Estaba seguro de haberle dado cuerda antes de dormirme –aún faltaban décadas
para la aparición de los relojes de cuarzo-, igualmente lo di vuelta, lo sacudí
y me lo acerqué al oído. Sí, andaba. De repente recordé que la noche anterior
habíamos tenido luz hasta las diez de la noche, así que no debería asombrarme que
amaneciera a las tres de mañana. Volví a la cama, pero la excitación sobre
ésta y otras novedades no me dejó dormir más. Así estaba listo para atajar las
primeras rebanadas de pan que saltaron de la tostadora.
6 comentarios:
🇳🇱
Unknown 8/2 23.27 Por favor aclarar qué significa:
N L
Vamos, para qué perder nuestro tiempo en adivinanzas inadivinables?
.-
Solo puse una bandera de Holanda...pero se ve que vos en cambio ves NL, que sería Nederland
Increíble querido abuelo!!! (Y bisabuelo)
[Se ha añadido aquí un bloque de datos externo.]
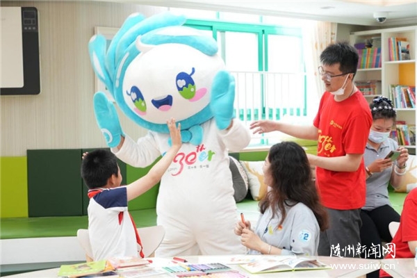 来自少儿出版社的志愿者带孩子们阅读故事绘本,从《小羊为什么生气》到《骨碌、骨碌、骨碌》,再到《这到底是什么》,一本接一本,孩子们听得意犹未尽。随后,志愿者与孩子们大手牵小手,一起进行“我为司庆填色彩”活动,为吉祥物“洋洋、保保”和“在一起·together”司庆图标填上最喜欢的色彩。太保吉祥物“洋洋”人偶也来到了现场,和孩子们热情互动,给孩子们带来欢声笑语。

Alejandro, hola! Por favor contame qué tiene de increíble mis andanzas? Yo me las creo, y vos sabés que muy creyente no soy!
Otra cosa Ale, es una pregunta que te hago por el otro comentarista en este blog (Unknown), que no reacciona a mi pedido de darse a conocer. Estará convencido de que lo sé.
No me quita el sueño pero si por casualidad o por intuición lo sabes o lo sospechas, tendré una intriga menos.